2. Quando usar qual em sua encarnação padrão?
3. Como especializar o noivado?
4. Se os administradores de domínio são membros de administradores, não os torna sempre iguais?

Esta pergunta é subquestão e é feita no contexto da pergunta. O contexto do usuário local da máquina ingressada no AD é uma conta de máquina de domínio ou uma conta de máquina local?

Antes de um Controlador de Domínio ser promovido para essa função, é um servidor simples de grupo de trabalho (independente) e possui uma conta de Administrador local e um grupo de Administradores local. Quando você cria um domínio, essas contas não desaparecem; eles são incorporados ao domínio como a conta de Administrador do domínio e o grupo \ Administradores interno do domínio.

O grupo \ Administradores interno tem acesso administrativo aos controladores de domínio, mas não recebe automaticamente acesso administrativo a todos os computadores dentro do domínio, enquanto os administradores de domínio têm.

O grupo de administradores do domínio e o grupo \ Adminstrators do AD builtin (não o grupo de administradores local nos clientes) concedem efetivamente aos usuários os mesmos direitos, no entanto, existem algumas diferenças sutis:

• builtin \ administradores é um grupo local de domínio, onde como administradores de domínio é um grupo global
• Os administradores de domínio são membros de \ administradores
• Administradores de domínio são membros do grupo de administradores locais em cada PC cliente
• O grupo interno \ administradores está lá para fornecer compatibilidade com sistemas anteriores ao AD

Esta é uma pergunta com uma resposta simples e complicada.

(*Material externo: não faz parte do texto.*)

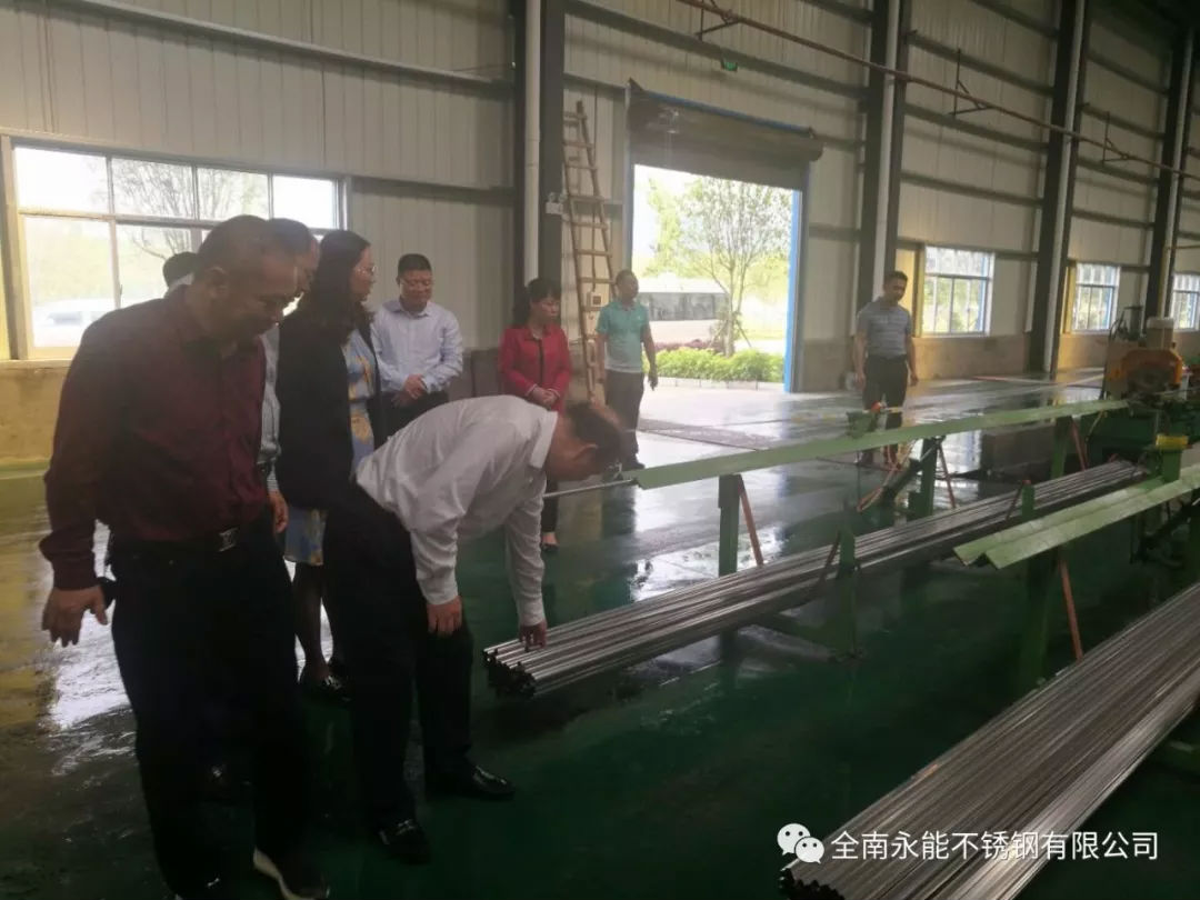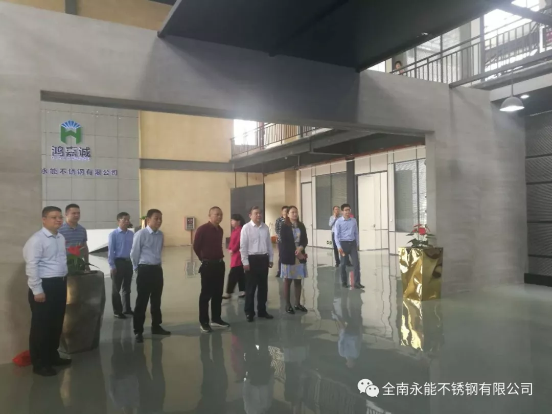 4月24日,江西省赣州市政协副主席蓝赟到全南永能不锈钢有限公司调研。全南县人民政府副县长刘婷婷等县领导陪同调研。

A resposta simples é sempre usar o grupo de administradores de domínio.

Resposta complicada é que os administradores de domínio fornecem administração para tudo (controladores de domínio, servidores e estações de trabalho) no domínio. builtin \ Administrators inicialmente apenas dá acesso a todos os controladores de domínio (é um grupo local, mas é replicado), mas não a servidores ou estações de trabalho. No entanto, o acesso de administrador a um controlador de domínio oferece a capacidade de elevar-se a administrador de domínio. Então, de um ponto de vista de segurança, eles são equivalentes.

O principal motivo para a existência de \ administradores é que os programas que verificam o acesso do administrador podem verificar o mesmo local em qualquer máquina.

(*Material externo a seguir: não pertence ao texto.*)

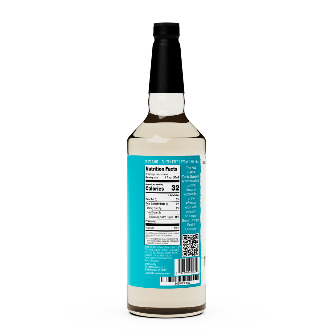 Top Hat Classic Tonic Syrup & 5x Quinine Tonic Water Concentrate is the lighter and more refreshing Mediterranean profile of our three tonic syrups - made with the same amount of the finest natural quinine as our East India Tonic sustainably extracted from cinchona bark grown in the Eastern Congolese region of Africa. The bright and refreshing botanical profile of this tonic has a balanced bitter foundation with a whispering chorus of lavender, orange peel, and juniper. The clean crisp bittersweet balance of this syrup is made smooth and silky by using only 100% pure cane sugar.

Os controladores de domínio são as chaves do seu castelo; você nunca pode administrar um e nem outro (efetivamente) ou o servidor local e nem todo o domínio; portanto, não deve haver programas / arquivos que exijam acesso de administrador local apenas neles.

O grupo bultin / administradores é criado por padrão quando você instala o Windows. Este grupo tem acesso completo e irrestrito ao computador. Por padrão, a única conta de usuário que é membro deste grupo é Administrador.

O grupo Administradores de Domínio está presente apenas em um domínio do Windows. Esse grupo tem acesso completo e irrestrito a todo o domínio, capaz de efetuar logon em qualquer PC ou servidor que seja membro do domínio.

Quando um PC / servidor é adicionado a um domínio, o grupo de administradores de domínio automaticamente se torna um membro do grupo interno / administradores, fornecendo assim aos administradores de domínio acesso de nível de administrador ao computador.

Se você moveu uma conta do grupo de administradores de domínio para o grupo builtin / adminstrators, essa conta poderá administrar esse computador local, mas nada mais, a menos que você tenha adicionado a conta a outros grupos builtin / adminstrators.